Die Bereitschaft, die Person Franz Josef Röder nun auf einmal differenzierter zu betrachten, ist folglich gering – und das nicht nur innerhalb der saarländischen CDU. Die Identifikation mit Röder als „Landesvater“ reicht weit über die Regierungspartei hinaus. Für die Benennung der Franz-Josef-Röder-Straße in Saarbrücken sorgte im Jahr 1984 etwa einst Oskar Lafontaine, damals noch in der SPD. Mit der zwanzigjährigen Ära Röder verbinden viele Saarländer über sämtliche Parteigrenzen hinweg die „Heimkehr“ nach Deutschland im Jahr 1957. In der offiziellen Erinnerungskultur ist die sogenannte „kleine Wiedervereinigung“ die Geburtsstunde des Bundeslandes, die alle paar Jahre mit großem Tamtam gefeiert wird.
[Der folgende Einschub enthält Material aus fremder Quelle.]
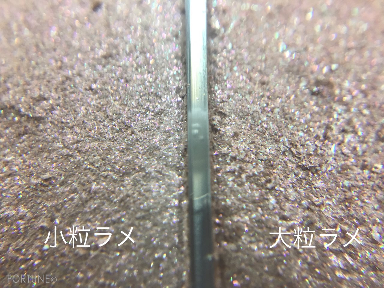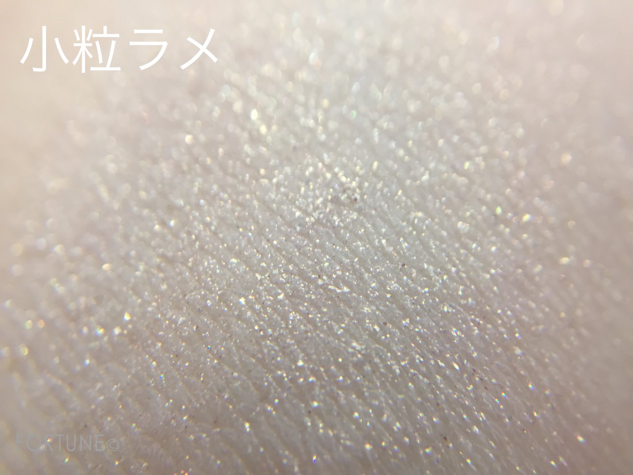 小粒ラメはとっても繊細で、優しい輝きです。色がほとんどつかないので、ベースとして塗ることで透明感と立体感がプラスできますよ。

Dass im Zuge der zweiten Saarabstimmung und dem Ende des teilautonomen, von Remigranten aufgebauten Saarstaats mit und unter Röder auch zahlreiche ehemalige Nazis wieder in Amt und Würden kamen, die Verwaltung von Franzosenfreunden gesäubert und frühere Hitler-Gegner unter dem Applaus der neuen politischen Führung ein zweites Mal ins Exil getrieben wurden, wird bei der Gelegenheit gerne verdrängt. Die fragile Identität des kleinen Landes will man nicht aufs Spiel setzen.

Wenn es hingegen darum geht, einstige Widerstandskämpfer zu feiern – für die Psyche des Landes sicherlich angenehmer als kritische Fragen zur Nazi-Vergangenheit Röders –, will das Saarland nicht hintanstehen. Dieses Jahr wurde von der Stadt Saarbrücken ganz offiziell zum Willi-Graf-Gedenkjahr ausgerufen. Allerlei Veranstaltungen, von Vorträgen über Exkursionen, szenischen Lesungen, Gottesdiensten bis zu einer Kranzniederlegung sollen an das in Saarbrücken geborene Mitglied der Weißen Rose erinnern. Ob man es mit all dem ernst meint? Das darf bezweifelt werden.